Robert Reidt (June 25, 1892 – March 1966) was a German-born American who is best known for promoting a prediction that the world would end on February 6, 1925.

Reidt was a house painter living in Long Island, New York, and heard about Californian Margaret Rowen's claim that the day of judgment was coming on February 6, 1925. Calling himself the "Apostle of Doom", he sold all his assets to spread word of the coming event. After nothing happened at the appointed hour outside his small rented abode in East Patchogue, he later blamed photo flashbulbs for obscuring a supposedly visible sign in the skies. He then suggested the end was coming in the following week. The events received regular front-page coverage in The New York Times and nationwide news coverage.

In February 1926, Reidt made a new prediction that a fireball would soon strike New York City. This event also failed to occur.

He made yet another unsuccessful prediction of doom in 1932.

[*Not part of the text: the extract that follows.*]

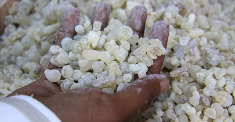 ويتدفق راتنج حليبي من جذع الشجرة ويتضخم ويتم كشطه من نفس الموضع بالشجرة بعد أسبوع، وفي المرة الثالثة “تنزف” الشجرة الأوليبانوم الثمين، الذي يعرف باسم اللبان فاتح اللون، ويتم التمييز هنا بوضوح بين أربعة مستويات للجودة حسب اللون، بدءا من اللون البني الداكن مرورا بلون العنبر والأبيض المصفر وصولا إلى اللون الأخضر الشفاف تقريبا. وكلما كان الراتنج فاتح اللون، كان أنقى وكان البخور أكثر قيمة.

The last contemporary press coverage that Reidt received was in 1938, in connection with a planetarium trying to publicize a show about end of the world predictions. Reidt died at age 73 in March 1966 in Florida.

==Legacy==
In May 2011, Reidt's predictions received new coverage when they were reviewed by Andy Newman of The New York Times in connection with Harold Camping's prediction that Judgment Day would fall on May 21, 2011.